Other cichlids endemic to the lake are Stomatepia pindu

Stomatepia mariae

Konia eisentrauti

and others I have yet to keep, a sponge eater Pungu maclereni, Myaka myaka, more species of Sarotherodon, and Stomatepia mongo
below more color variation in linnelli


----------



## Deeda (Oct 12, 2012)

Thanks for the info.

I do have a 40B tank (36"L x 18"W x 13"H) of six Stomatepia pindu that are gorgeous when I get a look at them when they don't see me coming! I picked them up as fry from a local fish club member and was intrigued both by their color and loss of habitat.

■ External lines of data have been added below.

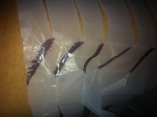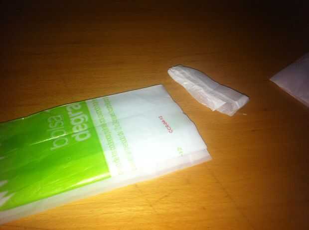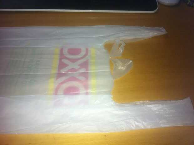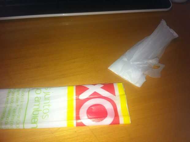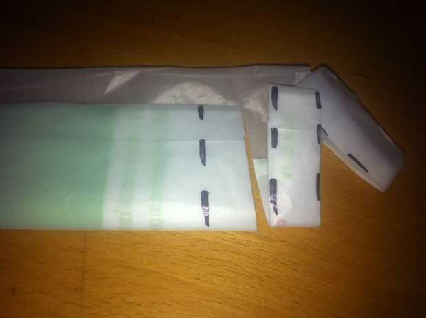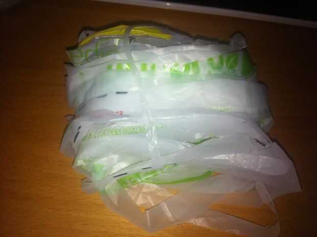 Tome una bolsa de plástico, doble plana para doblar la pieza de la manija plana también.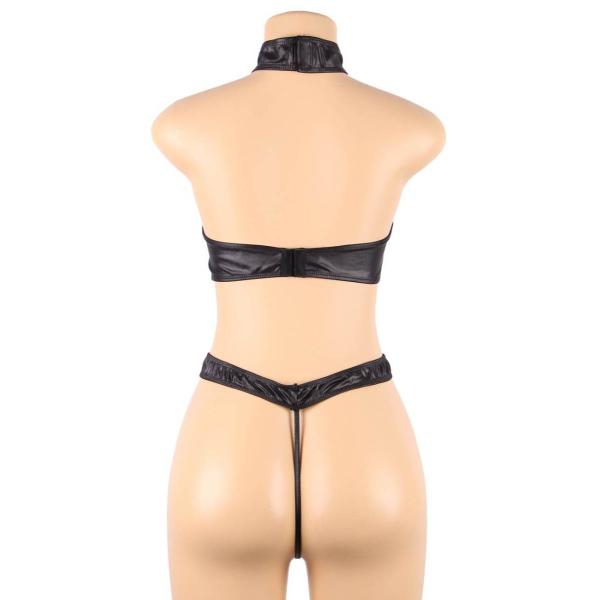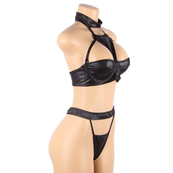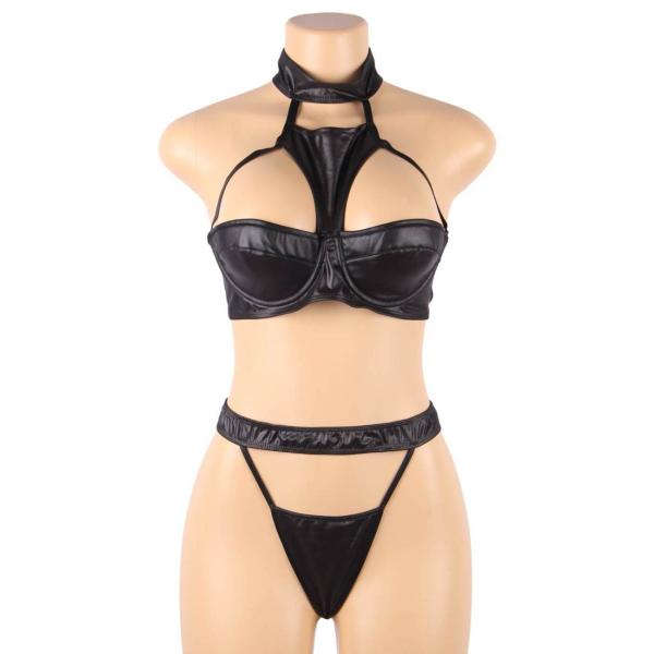 下着 レディース 上下セット フェイクレザー ブラ ショーツ セット 大きいサイズM-5XL セクシーランジェリー 黒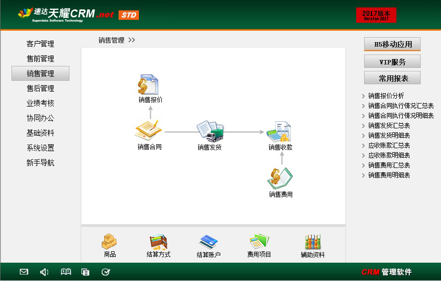- 销售报价、销售合同、销售发货、销售收款、销售费用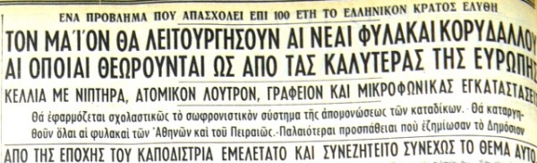 1961. Πρώτο θέμα στις εφημερίδες είναι η λειτουργία των νέων φυλακών, που κατασκευάζονταν στην αραιοκατοικημένη περιοχή του Κορυδαλλού. «Ένα βασικόν κοινωνικόν πρόβλημα που απασχολεί το Ελληνικόν Κράτος επί εκατό και πλέον έτη λύεται επιτέλους με τον καλύτερον δυνατόν τρόπον», έγραφαν οι εφημερίδες.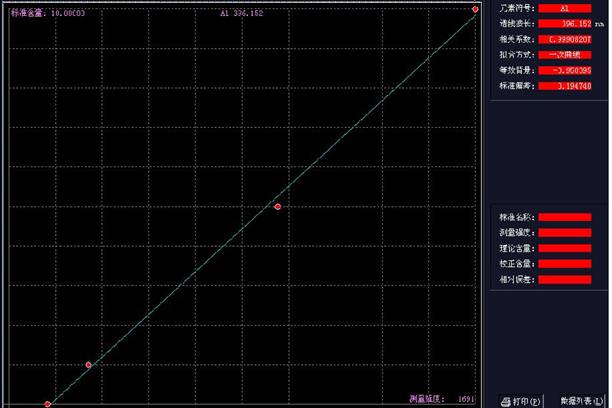 (A道线性方程:Y=875.144*X-17.003);(A道线性值:0.99916)见图1

Hopefully I can get them to spawn one day and share them with other hobbyists.


----------



## dstuer (Mar 27, 2013)

My current pair of pindu are also very wary, and hide at any remotely sudden approach. 
I also had a spawning group of 6-8 pindu around 10 years ago, and found the only way to get more than 1 or 2 fry, was to strip the female 14 days after noticing a spawn in her mouth. 
Catching her in a large, yet fine mesh net was enough to get her to spit new born molly size fry, and after putting her back in the main tank, transfer the fry into a growout. The first time I used the above technique, I ended up with 15.


----------



## Deeda (Oct 12, 2012)

Cool, thanks for the tip. Did you experience any aggression among the group?

Sorry for hijacking your thread.


----------



## dstuer (Mar 27, 2013)

At about 7" the alpha male started becoming dangerous to other males and non-receptive females, slowly whittling the group down, in a 150gal.
Before that size, aggression was present but non-lethal.


----------